I went outside and sat in the green metal chair and tried to further my understanding of the problem of metaphorical interference. It’s a serious problem, at least for me. What is metaphorical interference? Okay, well, it’s when two or more strong metaphors are podcasting in the same room together and they mess with each other. They mix, but not necessarily in the very same sentence the way a classic mixed metaphor mixes. They mix structurally. Say, for example, that you’ve decided to mention the traveling sprinkler in your poem. The moment you mention it, it starts to twirl and hiss and spray water everywhere. It becomes a controlling metaphor. There’s no help for it, you’re going to get wet.

But then say the traveling sprinkler seems to be tightly connected in your mind, perhaps by a long, pale green hose, to another idea that interests you, which is Debussy’s piano prelude “The Sunken Cathedral.” You think you’re still all right, because one is a real object and the other is a piece of classical music that contains a metaphor of submergence. But then you remember that some yellowjackets have made their nest in the hollow plastic handle of the hose reel. This happens to me every summer. I know that if Nan says that I can set up the sprinkler’s hose route around her tomatoes, I’m going to need my hose as well as her hose, and I know that as soon as I start wheeling the hose reel around and pulling the hose off it the yellowjackets are going to fly out and dart at me angrily and sting me as I run away. I don’t want to be stung, so I’ll debate whether I should boil up a pasta pot of water and pour it on the hose-reel handle, destroying the yellowjacket nest. My friend Tim told me about this technique, and I did it two summers ago before my sister and her family came for lunch at the picnic table, and it definitely worked, but I felt horrible afterward. What right did I have to destroy a whole happy nest of insects, regardless of how annoying they are when they crawl around on the potato chips?
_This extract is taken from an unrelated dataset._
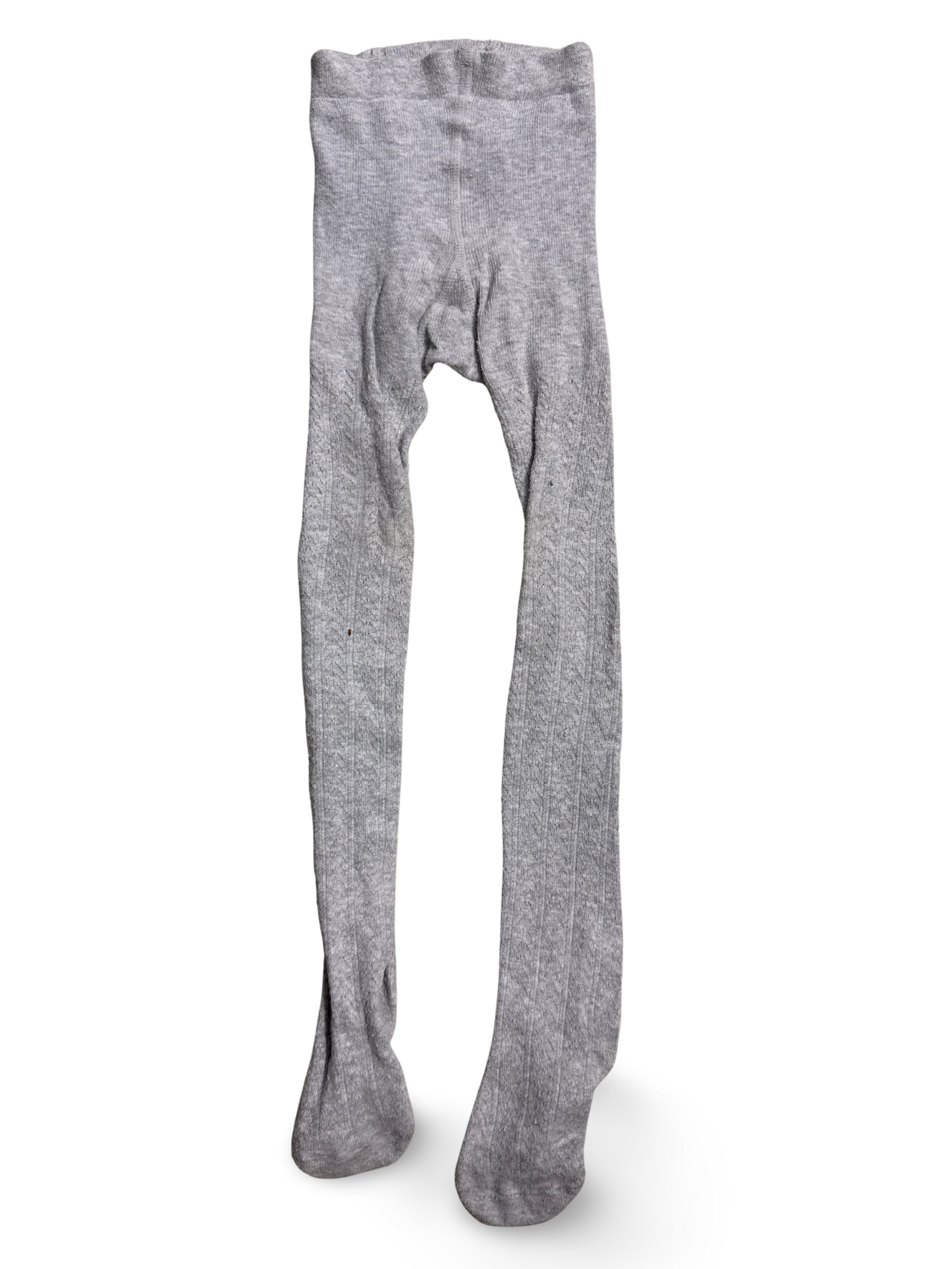 Graue, fein gerippte Strumpfhose mit integrierten Füssen, ideal als wärmende Lage an kühlen Tagen. Der elastische Bund sorgt für angenehmen Halt und lässt sich vielseitig zu verschiedenen Looks kombinieren.

Now your poem is in trouble. You’ve got wasps in the hose reel, you’ve got the sprinkler twirling at the end of the hose, and you’ve got Debussy’s cathedral sunk under the waves. You’ve got fish, you’ve got tomatoes. You’re starting to get strange purple interference patterns, fringe moiré patterns, at the edges of each metaphor, where it overlaps its neighbor. Photographers call this “purple fringing,” and it’s a flaw. This is the moment when your creative writing teacher may say: “You’ve got an awful lot going on here, Paul. Maybe you need to pare this poem down and pick a controlling image.”

And you acknowledge that he has a point — too many colors make the rinse water muddy. We know that. On the other hand, the world is full of metaphors that are happily coexisting in our brains and we don’t go crazy. You have them all swarming and nesting and reeled up in there, but they don’t trouble one another. One moment you entertain one metaphor, and the next moment the next, no harm done. And this time you think, I don’t want to worry so much about this rhetorical non-problem. I want to pour them all in and let them go wild together. Let all the metaphors fuck each other like desperate spouse-swappers, I don’t care. I summarily reject this notion of metaphorical interference for the time being and I’m putting it aside and I’m going to think over the things that call forth thought, and if they get in one another’s way from time to time that’s just what happens. It’s my poem. I don’t care what Peter Davison might think. He’s gone now and God rest him.